I Told Them So

I generally try to avoid naming my undergraduate college in this space because of all the snooty associations. Today, however, the snooty associations are key to the story.

For a few years, I was an alumni interviewer for Harvard. My job was to meet with applicants, spend a half hour or an hour talking to them and getting to know them, answer any questions they might have, and write up the experience for Harvard, which would then reject them. The admissions rate was something like one in ten at the time, so with an average of four interviews or so a year, I wasn’t exactly looking at the faces of the next first-year class, statistically speaking.
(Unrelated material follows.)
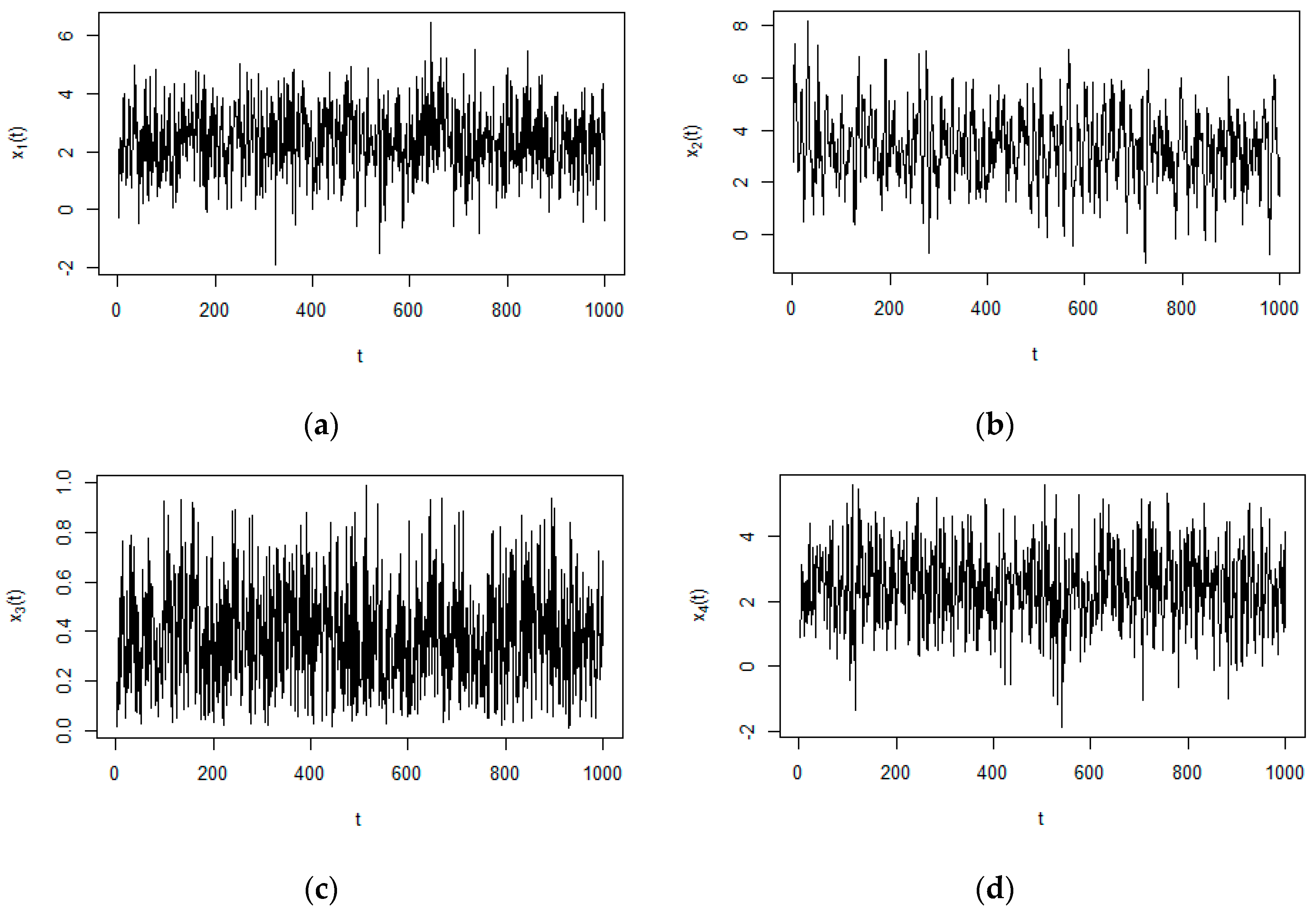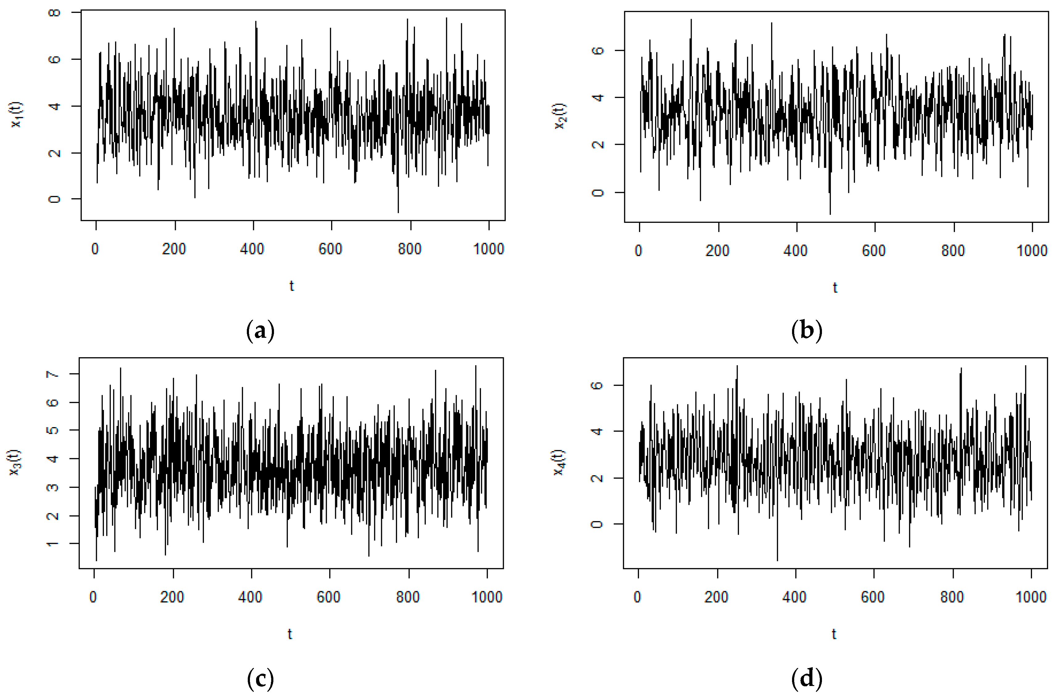 Nonlinear multivariate time series generated by Equations (17)–(20). (a) Time series of ; (b) Time series of ; (c) Time series of ; (d) Time series of .

The most interesting and best qualified candidate I ever met had come to the U.S. knowing almost no English, and within two years had blown through almost all of her high school requirements. She’d worked at an aquarium and helped them set up new educational programs, played onstage at the local symphony hall, taken scads of advanced classes, read Roman history for fun, spearheaded a book donation drive for needy urban schools, and a bunch of other stuff I’ve since forgotten. She was also kind, thoughtful, admirably polite, and generally pleasant to talk to. I gave her a far stronger recommendation than I gave anyone else I interviewed.

Harvard wait-listed her.

I have it on what I consider unimpeachable authority that Harvard sometimes wait-lists applicants, not because it ever anticipates letting them in, but just to encourage their high schools to funnel more applicants in Harvard’s direction. I don’t think that was the case here—her high school was no mean shakes, either. Just something to chalk up to Harvard’s infinite caprice.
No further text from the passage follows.